┌──

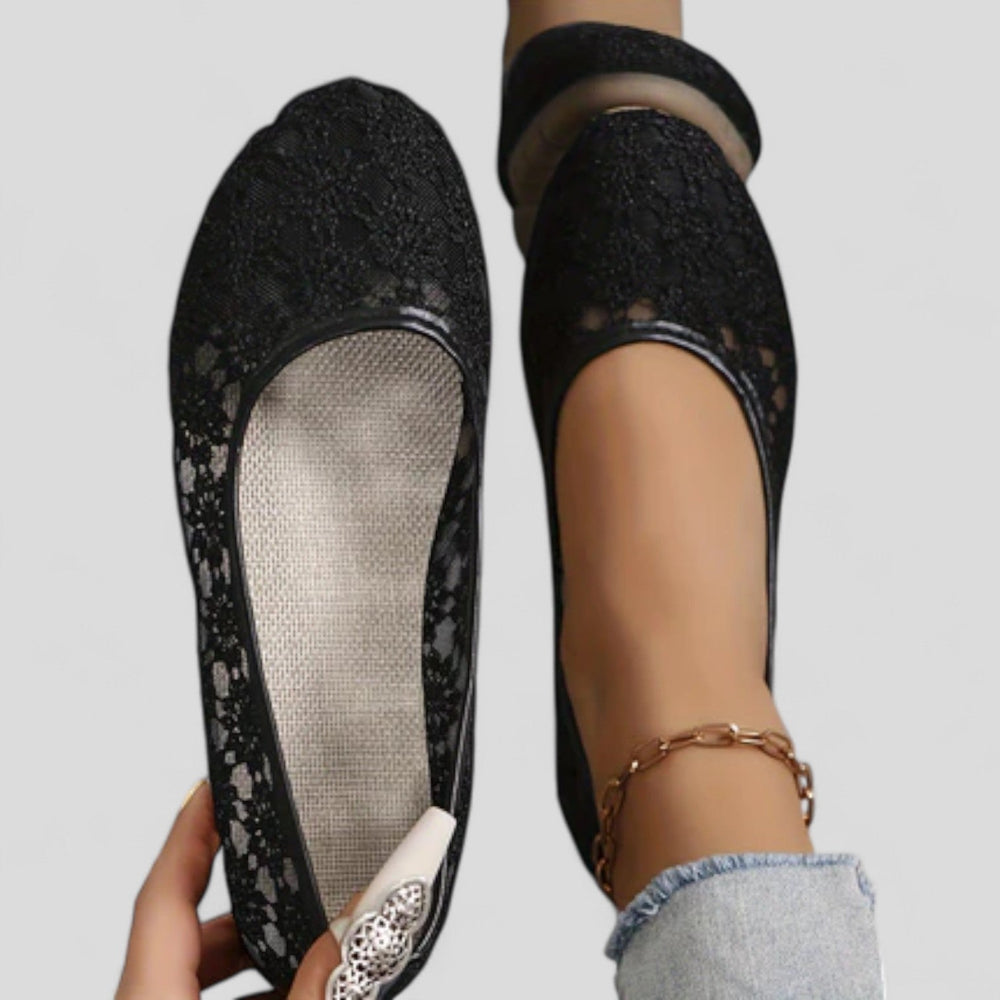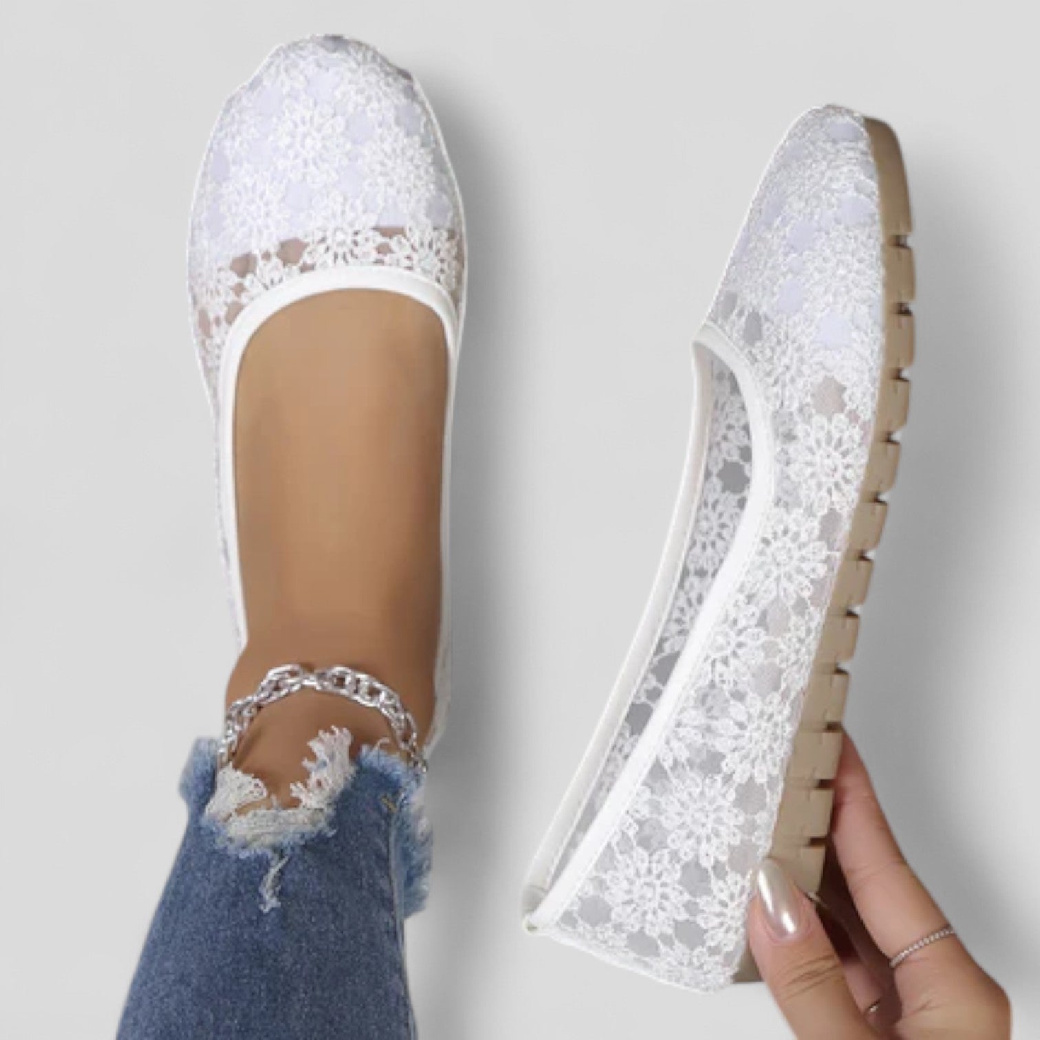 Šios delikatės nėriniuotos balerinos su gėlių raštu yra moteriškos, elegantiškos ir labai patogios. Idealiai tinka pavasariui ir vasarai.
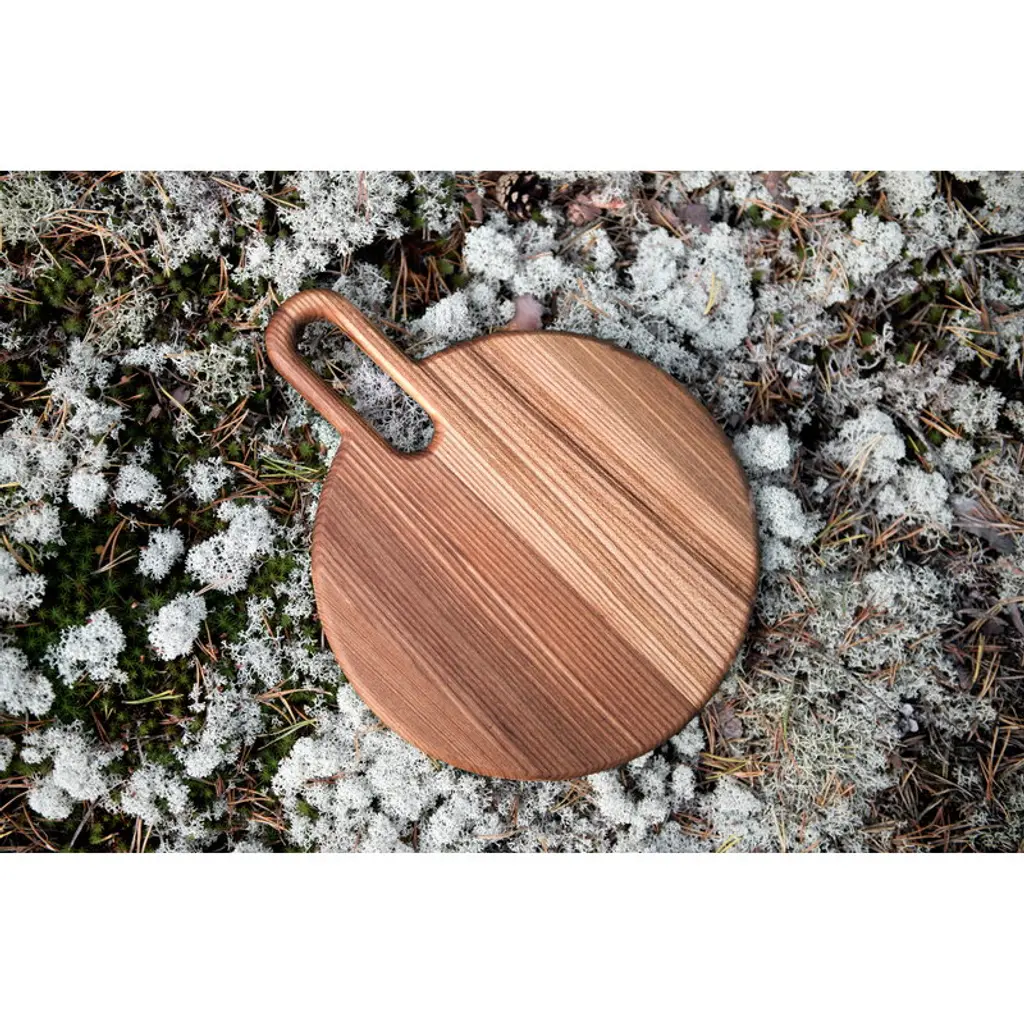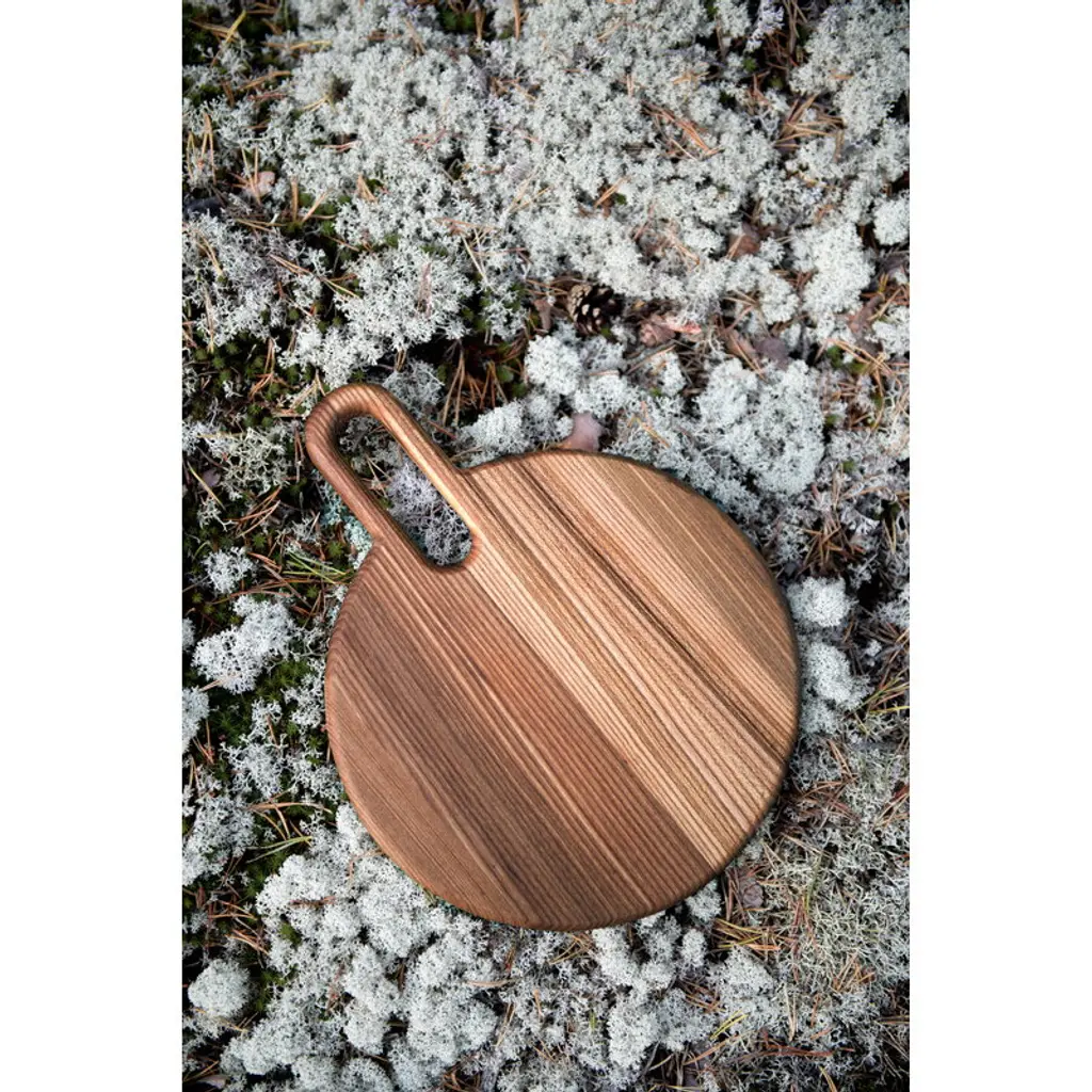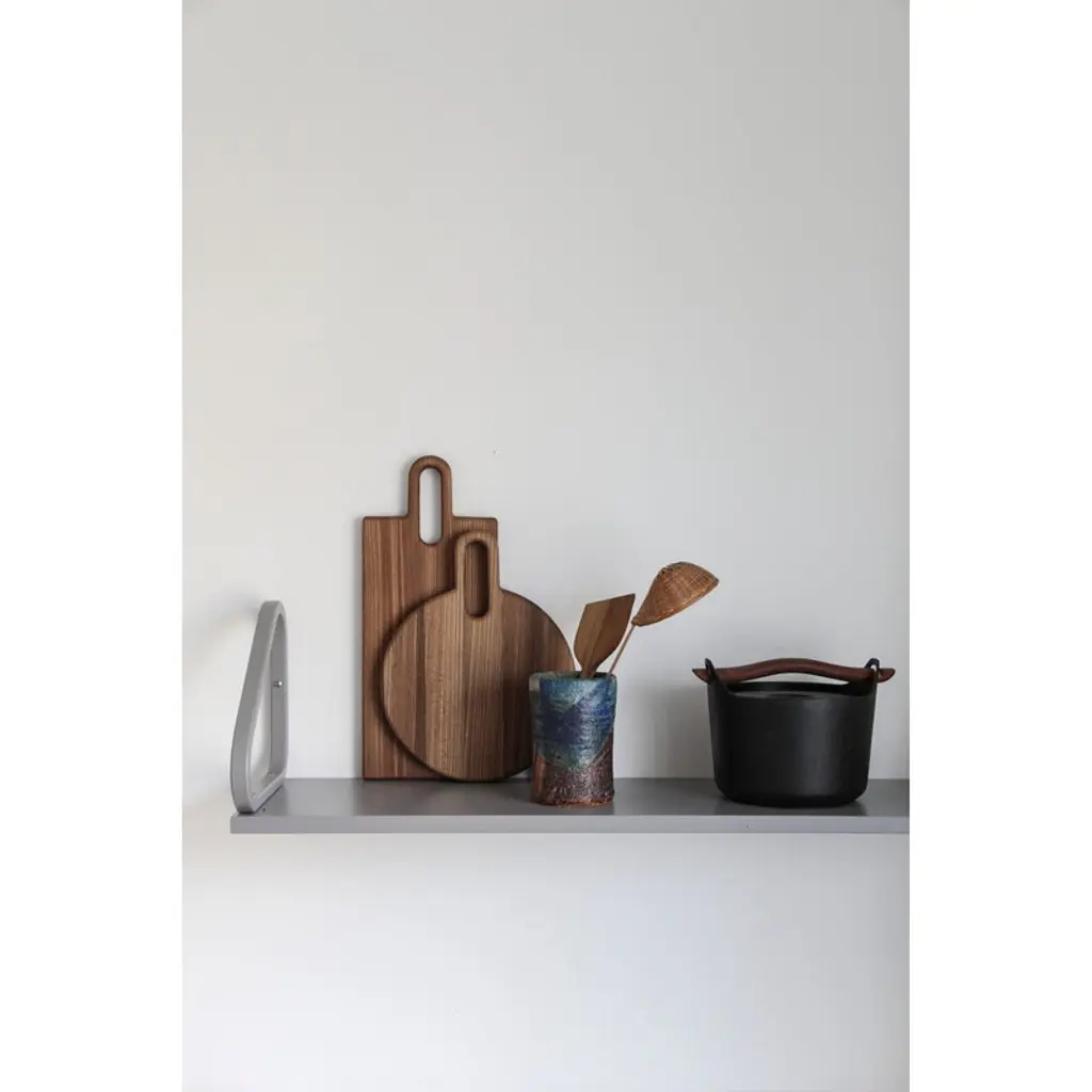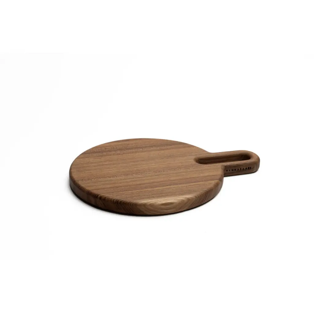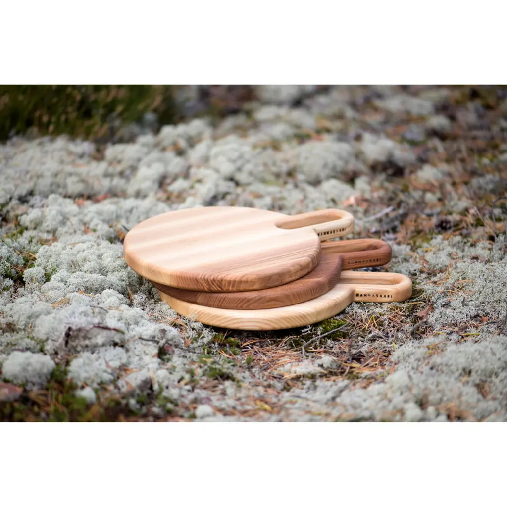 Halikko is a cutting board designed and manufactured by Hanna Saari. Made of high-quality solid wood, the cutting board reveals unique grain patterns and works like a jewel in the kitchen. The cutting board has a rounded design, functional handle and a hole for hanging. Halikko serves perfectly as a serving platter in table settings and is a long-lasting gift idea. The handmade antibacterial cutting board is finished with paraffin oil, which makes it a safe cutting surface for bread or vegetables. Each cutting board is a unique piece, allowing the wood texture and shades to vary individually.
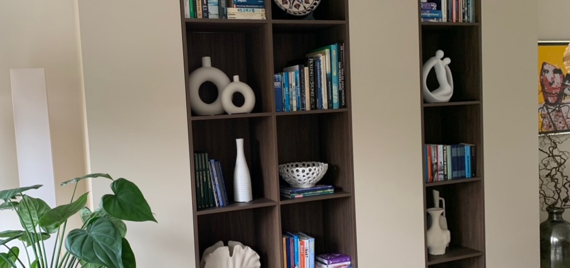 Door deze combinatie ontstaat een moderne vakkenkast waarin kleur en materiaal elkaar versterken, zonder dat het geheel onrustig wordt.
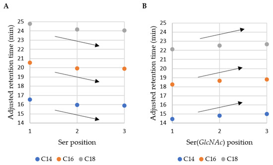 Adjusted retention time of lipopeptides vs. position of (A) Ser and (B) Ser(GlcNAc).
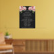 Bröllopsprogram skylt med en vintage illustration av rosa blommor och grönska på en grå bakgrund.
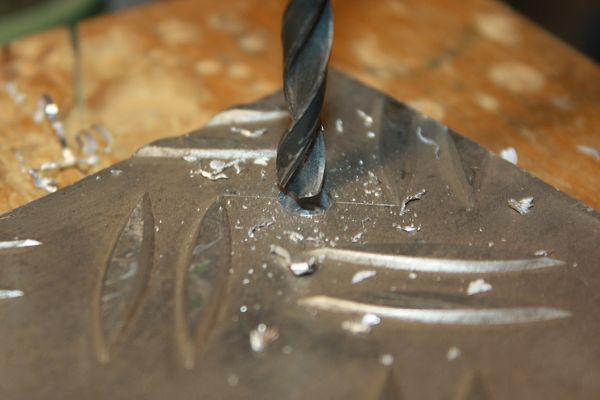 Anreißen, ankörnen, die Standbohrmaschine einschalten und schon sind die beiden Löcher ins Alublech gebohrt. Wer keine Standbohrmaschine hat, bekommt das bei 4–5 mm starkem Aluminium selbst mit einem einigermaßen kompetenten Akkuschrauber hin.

└──

Above are entries with pictures among them. Write out exactly the lines from the one containing "Door deze combinatie" through the one containing "Bröllopsprogram skylt med", ends included, and leave those pictures out.

 Door deze combinatie ontstaat een moderne vakkenkast waarin kleur en materiaal elkaar versterken, zonder dat het geheel onrustig wordt.
 Adjusted retention time of lipopeptides vs. position of (A) Ser and (B) Ser(GlcNAc).
 Bröllopsprogram skylt med en vintage illustration av rosa blommor och grönska på en grå bakgrund.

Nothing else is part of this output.